Opinion: Article’s intent was educating farmers, creditors

Buckeye Farm News 

The Nov. 13, 2008, Buckeye Farm News contained a story that reported on two recent Ohio Supreme Court decisions that could affect farmers. One court decision involved a farmer and his co-op and determined how much interest the co-op could charge on an open account without a written agreement. The Ohio Supreme Court held that the co-op could charge only the statutory rate of interest unless there was a written agreement with the farmer requiring a higher rate. The court further held that it was illegal to charge interest on interest.

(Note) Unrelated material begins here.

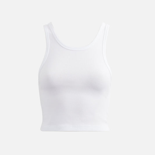Cotton blend fabric Semi scoop neck Wide shoulder straps Cropped fit Style: ccw131364-wht Color: White Material:...

The article was written to provide information and education to farmers and creditors alike. It was not intended to
portray the co-op industry in a negative light. It just so happened that the court case involved a farmer and a co-op, but the legal principle applies to anyone extending credit, including lawyers, contractors, feed mills or anyone else the farmer does business with.

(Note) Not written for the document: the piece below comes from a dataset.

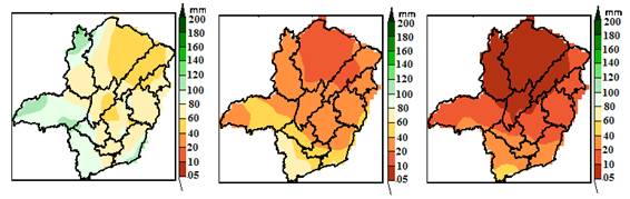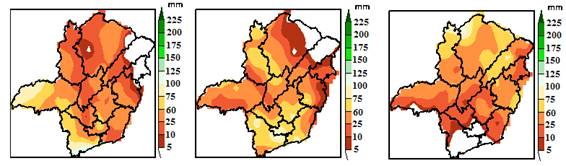 Figura 3 – Distribuição das chuvas em Minas Gerais, para os meses de abril, maio e junho, médias climatológicas para o período 1961-1990.

Farmers need co-ops. Co-ops provide a needed and valuable service. In these uncertain economic times, with fuel and fertilizer prices fluctuating wildly, the co-ops may find themselves in unique situations. Perhaps the long-time customer who promptly paid his account finds that he now needs credit.
If such is the case, farmers should not be surprised when the local co-op requests a new signed agreement. The co-op is merely trying to comply with the law as stated by the Ohio Supreme Court.


Lynn Snyder 

Lynn Snyder is senior director of communications for Ohio Farm Bureau.